09. April 2020, 09:15 Uhr   |  Inka Krischke


Fortsetzung des Artikels von Teil 2 .

Moderne Absicherung

Zunehmend kommen daher elektronische Absicherungslösungen zum Zuge. Elektronischer Überstromschutz bietet im Vergleich zu klassischen Leitungsschutzschaltern und anderen thermisch-magnetischen Geräten einige Vorteile – dies gilt insbesondere beim gemeinsamen Einsatz mit Schalt-netzteilen. Die elektronischen Kennlinien von Geräten wie beispielsweise dem REX12 oder dem ESX10-T von E-T-A sind speziell auf die Leistungs-charakteristik von Schaltnetzteilen ausgelegt und ermöglichen so eine schnelle und gezielte Abschaltung im Fehlerfall. Hier gibt es zwei unterschiedliche Ansätze und Funktionsweisen: die aktive Strombegrenzung und die Zeit-Strom-Kennlinie.

Der magnetische Auslösebereich eines C 6 A Leitungsschutzschalters.
© E-T-A

Der magnetische Auslösebereich eines C 6 A Leitungsschutzschalters.

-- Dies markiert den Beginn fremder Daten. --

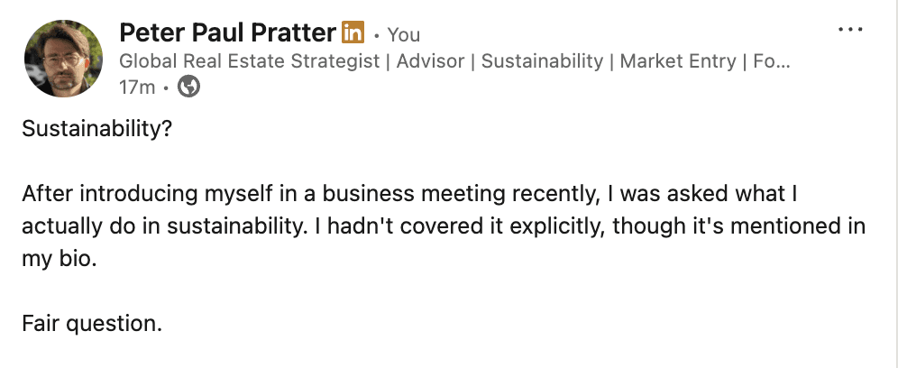 After introducing myself in a business meeting recently, I was asked what I actually do in sustainability. I hadn't covered it explicitly, though it's mentioned in my bio.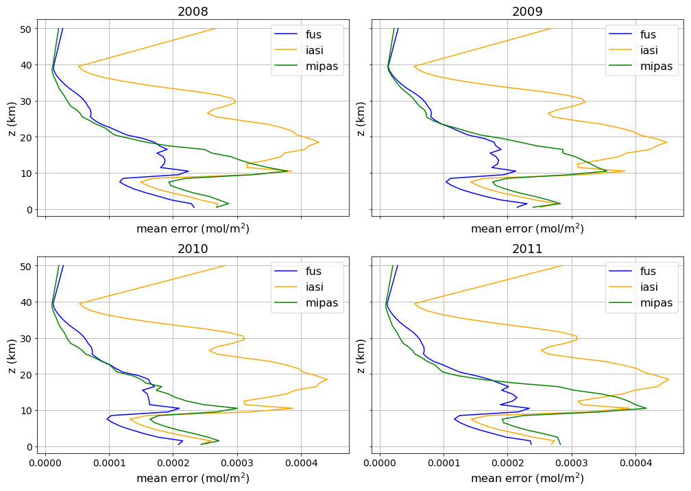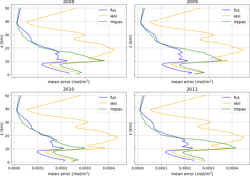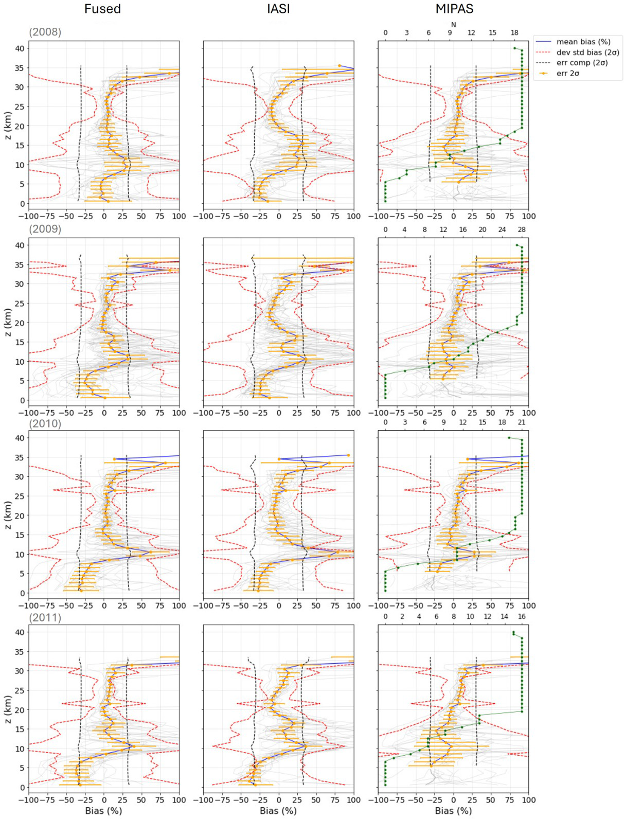 Finally, the comparison between L2 and fused mean total errors (Fig. 5) shows that the fused product exhibits lower errors than each L2 product in the UTLS region, and more generally below 18 km in all years. Above 18 km, the fused error is much lower than that of IASI and comparable to that of MIPAS, where MIPAS performs best. The slightly higher fused error compared to MIPAS is likely due to additional uncertainties introduced during CDF processing, such as co-location and interpolation errors. The error profile is fundamentally shaped by the limitations and synergies of the individual sensors. The prominent peak at 10 km is a feature of the IASI retrieval, arising from its reliance on a priori information at lower altitudes. Although this peak is imposed on the regridded MIPAS data during comparison, the fused product successfully overcomes this limitation. The synergy of IASI and MIPAS not only diminishes the peak but also achieves lower errors above 10 km, where MIPAS measurements provide a substantial improvement.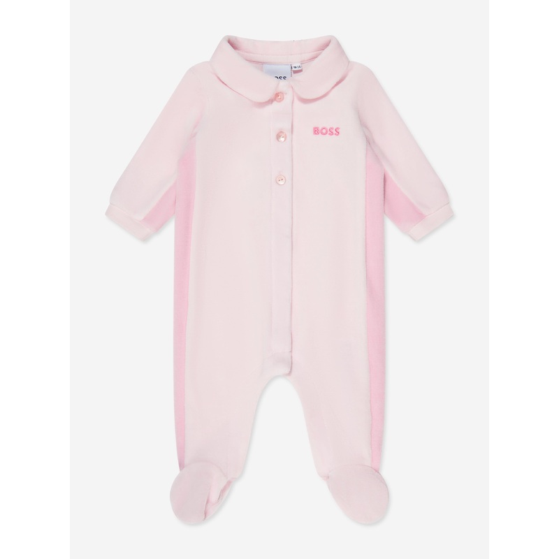 Introducing the exquisite Baby Girls Velour Babygrow in Pink by Boss – a sheer indulgence of style and comfort for your baby girl. Key features put in short, meaningful bullet points to further illustrate the product’s appeal are: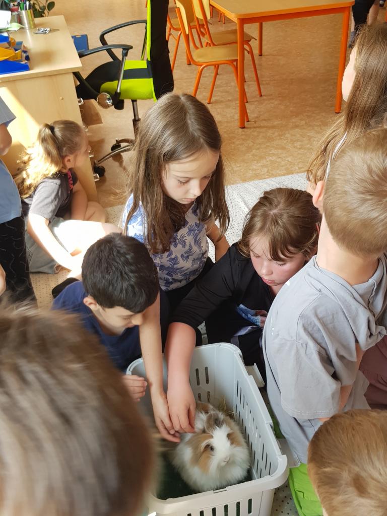 Děti byly nadšené z papouška, pomazlily se s křečkem a králíčkem, seznámily se s pavoukem, africkým šnekem, andulkou a rybičkou (sumečkem). Také jsme si hodně povídali o psech a kočkách, protože tyto zvířátka zpravidla děti mají doma. Přečetli jsme si nové informace z říše zvířat. V průběhu týdne děti soutěžily, plnily vzdělávací úkoly a pracovní listy. Hráli jsme také postřehové a úkolové hry. Společný čas se zvířátky děti velmi bavil.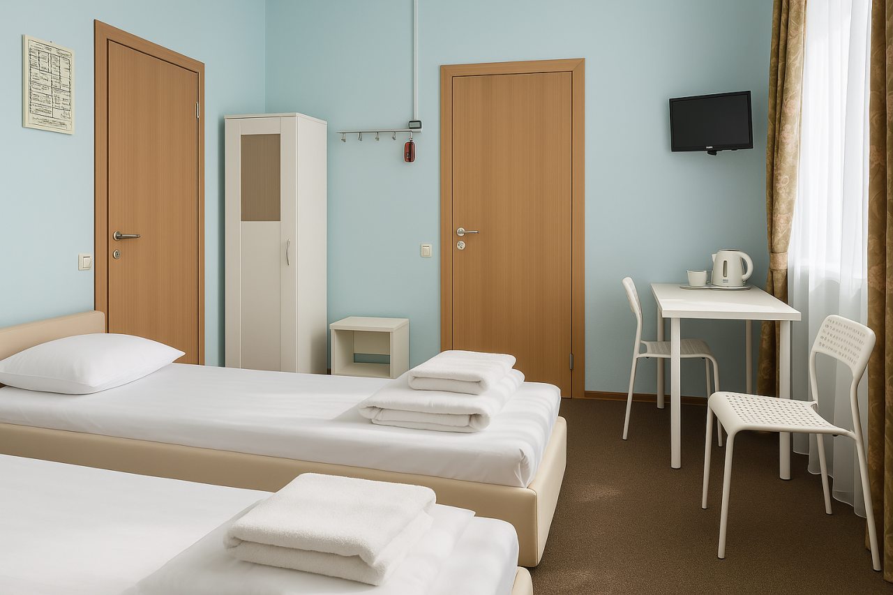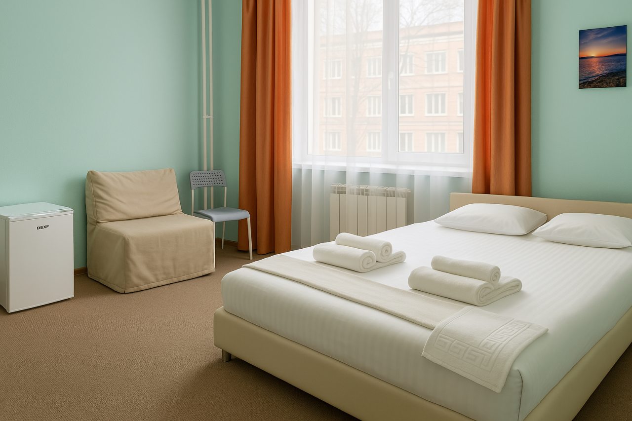 Неплохой отель с приятными ценами на номер. Недалеко от метро и магазинов. В номере холодильник и чайник, все рабочее и в приличном состоянии. Так как отель существует при православном приходе, в холле расположены иконы. Учтите те, кому такие моменты принципиальны. Мне это, наоборот, понравилось, необычное решение.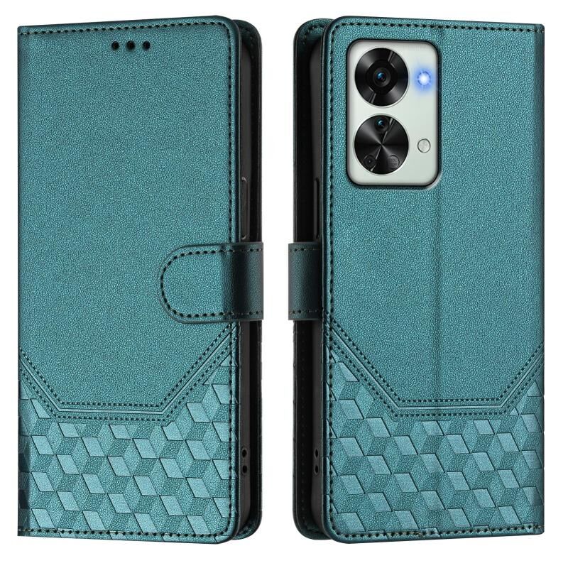 Για OnePlus Nord 2T Honeycomb ανάγλυφο RFID υπόθεση τηλεφώνου δέρμα (Peacock Green)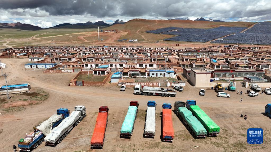 在雙湖縣多瑪鄉仲魯瑪村,運輸家具的貨車(chē)整裝待發(fā)(7月13日攝,無(wú)人機照片)。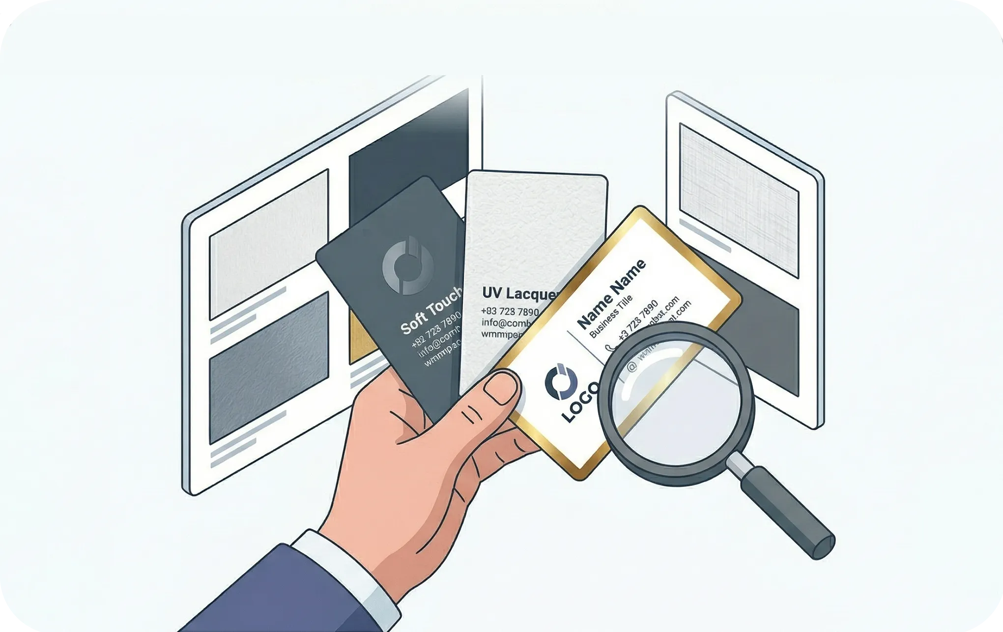 Wygląd to nie wszystko – liczy się też dotyk. Dobieramy odpowiednią gramaturę i rodzaj papieru (np. matowy, z fakturą, ekologiczny). Decydujemy o opcjonalnych uszlachetnieniach, takich jak folia Soft Touch, lakier wybiórczy UV czy tłoczenie (złocenie), aby wizytówka zapadała w pamięć.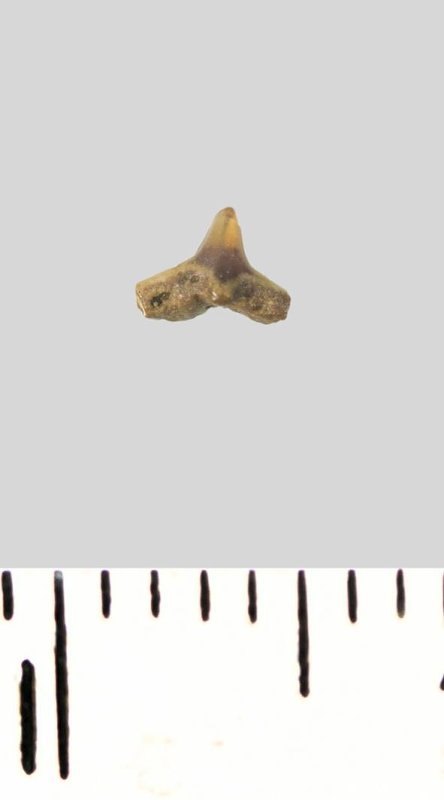 Зуб. Акула. Squatina cranei (Woodward, 1888). Классификация: Хордовые Chordata, Позвоночные Vertebrata, Хрящевые рыбы Chondrichthyes, Пластиножаберные Elasmobranchii, Акулы Selachii, Скватинообразные Squatiniformes, Морские ангелы Squatinidae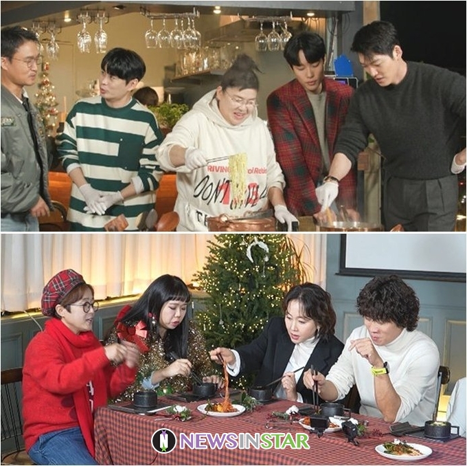 이때 류준열이 구석에서 라면을 먹는 장면이 포착돼 호기심을 더한다. 그는 맛 표현에 부담감을 잔뜩 안고 어쩔 줄 몰라하며 예능 병아리로서 수난을 제대로 겪는데. 이에 반해, 김태리는 특유의 밝은 텐션으로 맛깔 나는 먹방을 펼쳐 송은이와 홍현희의 눈길을 사로잡는다. 뿐만 아니라 김우빈과 염정아, 조우진, 진선규까지 이영자 표 스페셜 라면을 먹고 저마다 리액션이 폭발했다고 해 그 모습이 궁금해진다.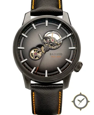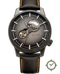 Eine Skelett-Uhr mit einem vielseitigen 39.5mm Gehäuse, das an fast jedes Handgelenk passt, gefertigt aus Edelstahl mit einem Zifferblatt in grau und einer besonderen "sunburst gradient"-Oberfläche.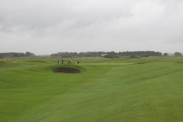 The approach at the short par-four twelfth, voted today as the favorite hole… and there were many favorites, to be quite honest. In case you’re wondering… the favorite hole selected by our group today was #12, the shortest par-4 on the course. At 361 yards, the landforms in the fairway mean everything….yes, landforms. So that is now two out of three days that the twelfth hole has been selected, and once as a runner-up. The middle of the round….fascinating. Tomorrow we’re off to Royal Cinque Ports, another links course, only about three miles down the road from RSG, closer to the seaside town of Deal. And the weather… is supposed to be clear.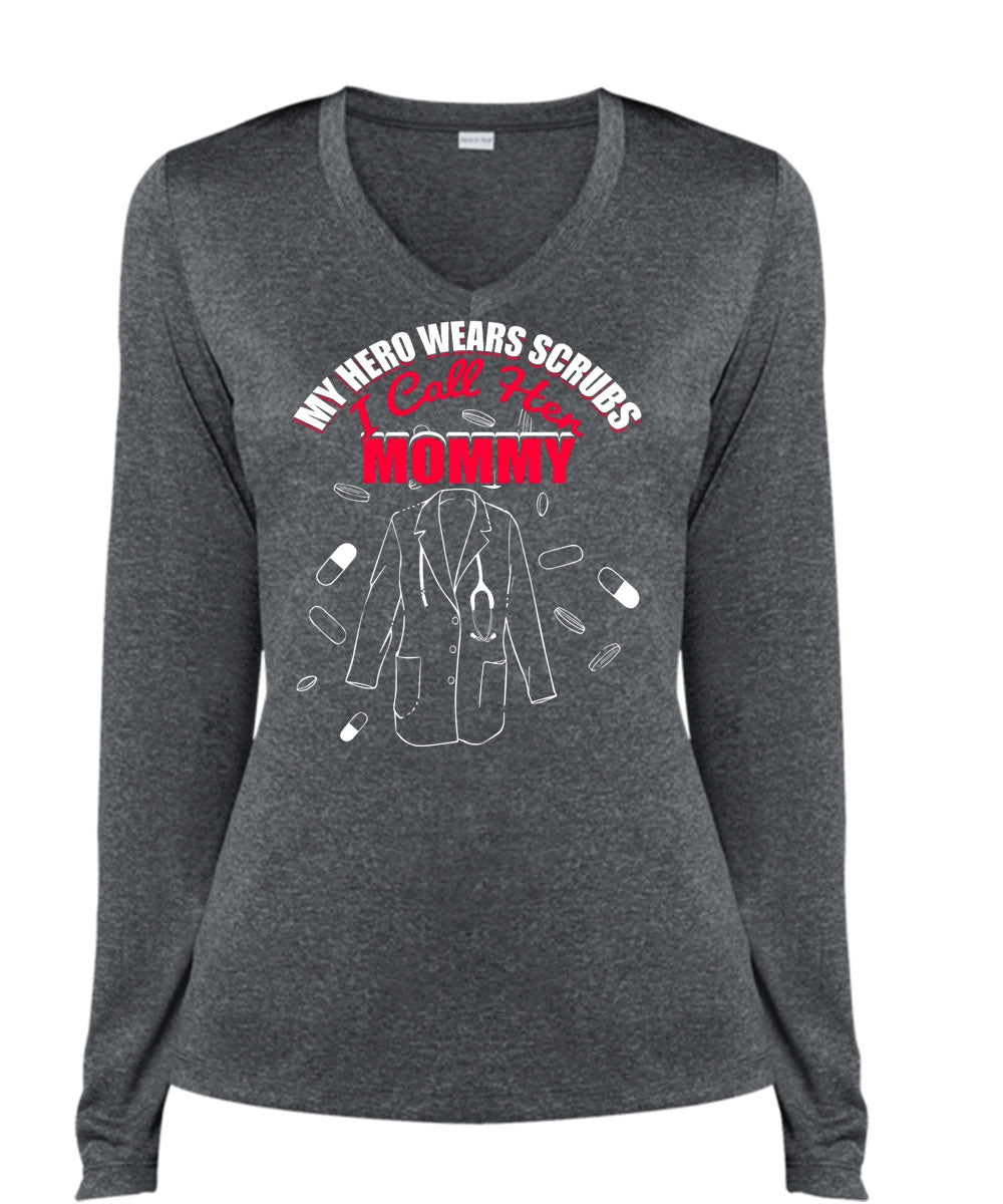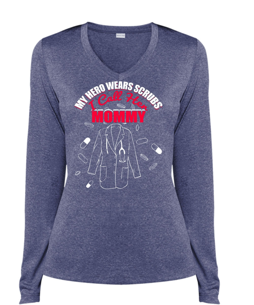 I Call Her Mommy T Shirt, Wears Scrubs T Shirt, Cool Shirt (Ladies LS Heather V-Neck)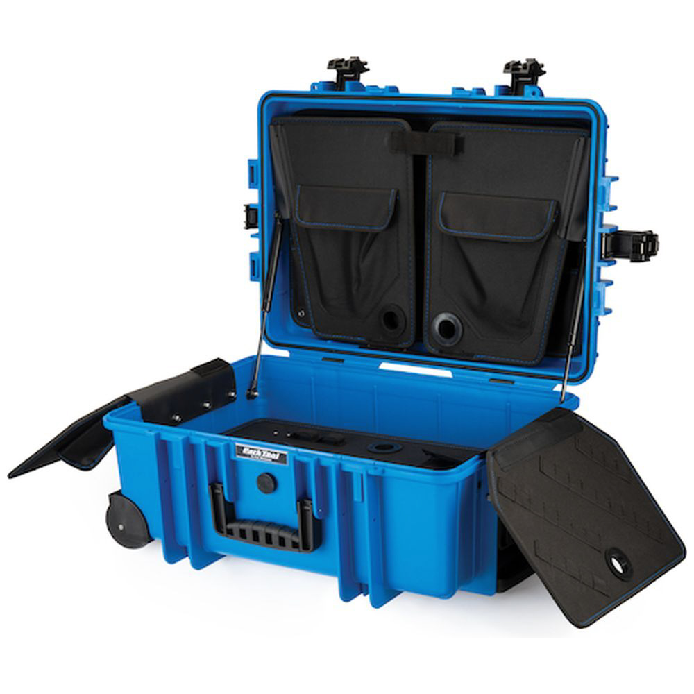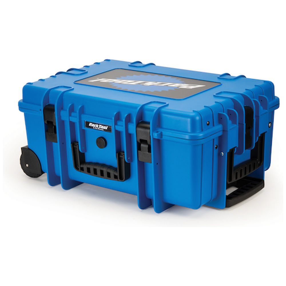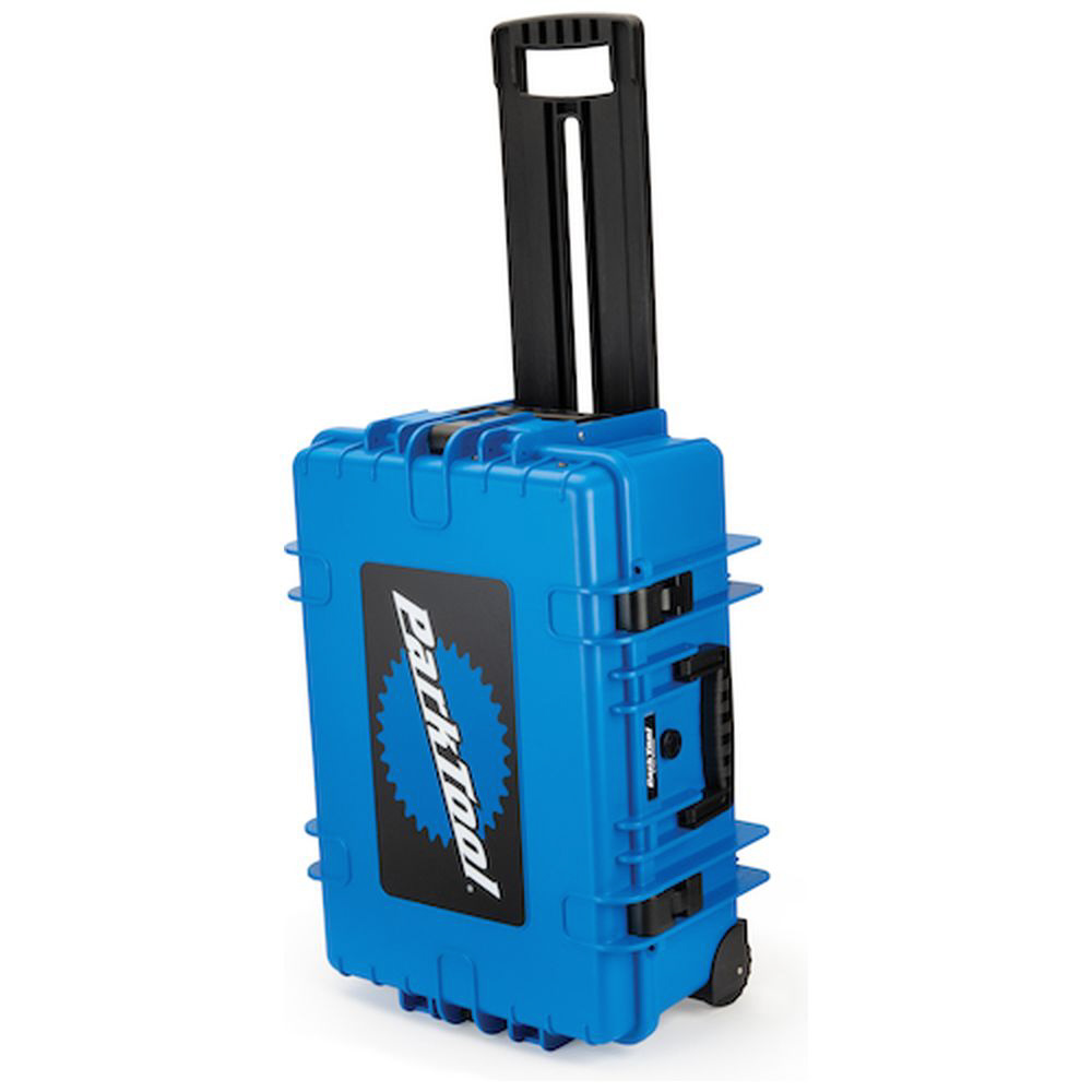 耐衝撃性に優れたポリプロピレン製ツールケースケース本体にキャスター・伸縮ハンドルを備え、工具が入った重い荷物も楽に運べます。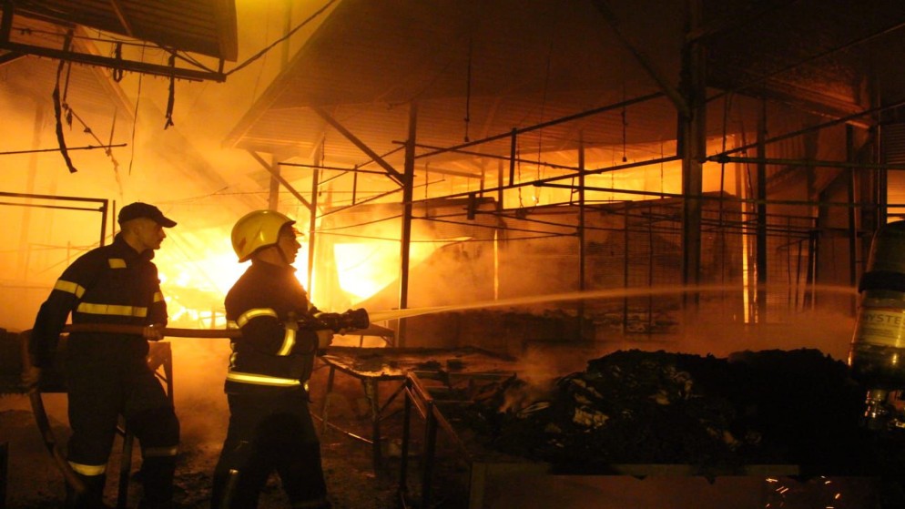 اخماد حريقاً كبيرا في سوق البالة بإربد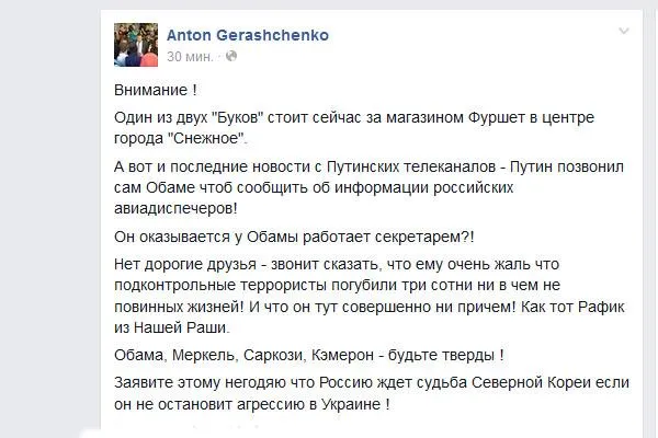 "Один з двох "Буків" стоїть зараз за магазином "Фуршет" у центрі міста "Сніжне"", - написав Геращенко.

Beim Ansatz der Zeit-Strom-Kennlinie wird im Falle eines geringen bis mittleren Fehlerstroms der Lastkreis nach weniger als 1 s getrennt. So lassen sich die meisten Verbraucher und Lastarten einschalten, da Überströme für kurze Zeiträume toleriert werden. Ein länger andauernder Überstrom führt zur Abschaltung durch den elektronischen Überstromschutz.
Bei hohen Fehlerströmen löst der elektronische Überstromschutz innerhalb von 10 ms aus und ist damit schnell genug, um eine ungewollte Abschaltung des Schaltnetzteils zu verhindern. 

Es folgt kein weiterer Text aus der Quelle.